Would you repeat the whole listing exactly, pictures excluded?

Given material:
※ ※ ※
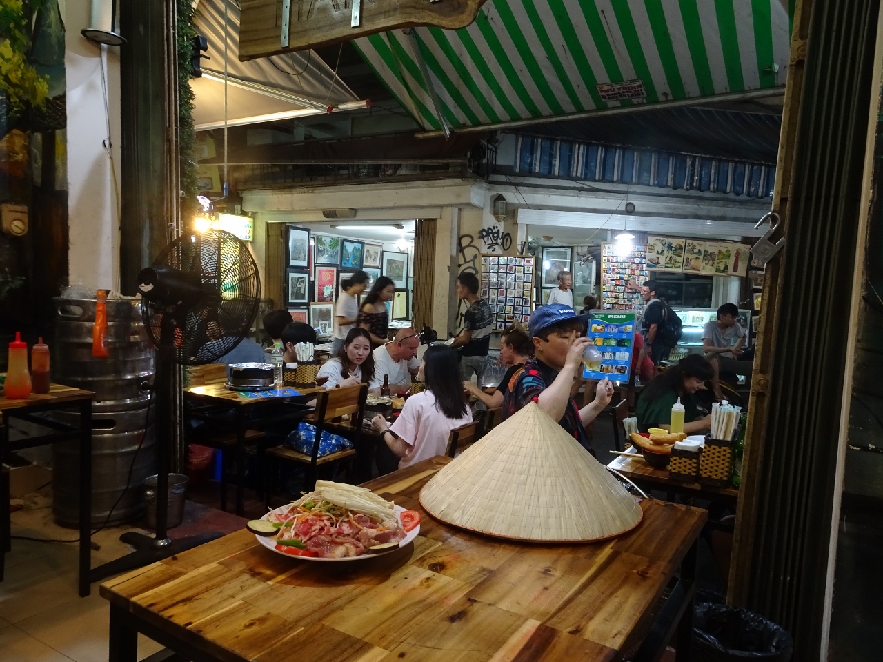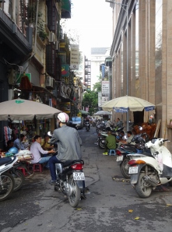 Als wir dann nach einem kleinen Imbiss unser Zimmer beziehen, sind wir doch sehr angetan, da gibt`s mal gar nix auszusetzen. Wir ruhen ein paar Stündchen, schließlich fehlt uns ja eine ganze Nacht um dann am frühen Abend wieder loszuziehen, ins Handwerkerviertel von Alt-Hanoi, wo es dann Abendessen und ein paar Getränke in der schwülen Abendluft gibt.
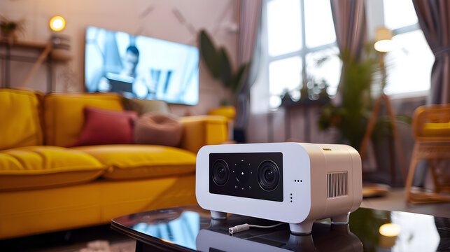 "High-tech smart projector with built-in streaming apps for entertainment and presentations in any setting."
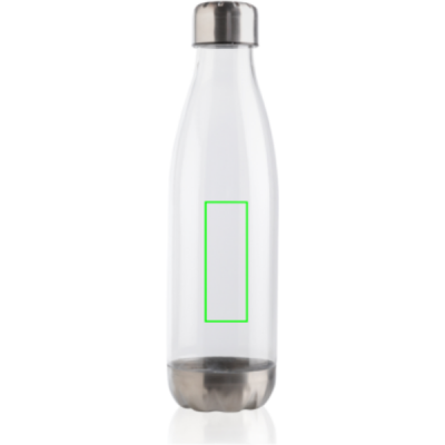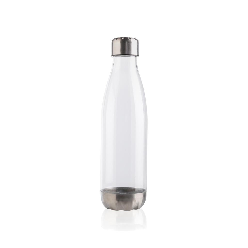 Leakproof water bottle with stainless steel lid, transparent
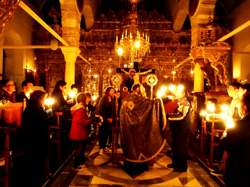Το έβδομο Ευαγγέλιο. Τα παιδάκια-παραστάτες κρατάνε τα κεριά. Τα 12 Ευαγγέλια και η Σταυρωση. Εικόνες φορτωμένες μνήμες, αναφορές. συμβολισμούς. Εικόνες βγαλμένες από το Βυζάντιο και την ιστορία (φωτ. Εν Άνδρω).
※ ※ ※
Your solution:
 Als wir dann nach einem kleinen Imbiss unser Zimmer beziehen, sind wir doch sehr angetan, da gibt`s mal gar nix auszusetzen. Wir ruhen ein paar Stündchen, schließlich fehlt uns ja eine ganze Nacht um dann am frühen Abend wieder loszuziehen, ins Handwerkerviertel von Alt-Hanoi, wo es dann Abendessen und ein paar Getränke in der schwülen Abendluft gibt.
 "High-tech smart projector with built-in streaming apps for entertainment and presentations in any setting."
 Leakproof water bottle with stainless steel lid, transparent
Το έβδομο Ευαγγέλιο. Τα παιδάκια-παραστάτες κρατάνε τα κεριά. Τα 12 Ευαγγέλια και η Σταυρωση. Εικόνες φορτωμένες μνήμες, αναφορές. συμβολισμούς. Εικόνες βγαλμένες από το Βυζάντιο και την ιστορία (φωτ. Εν Άνδρω).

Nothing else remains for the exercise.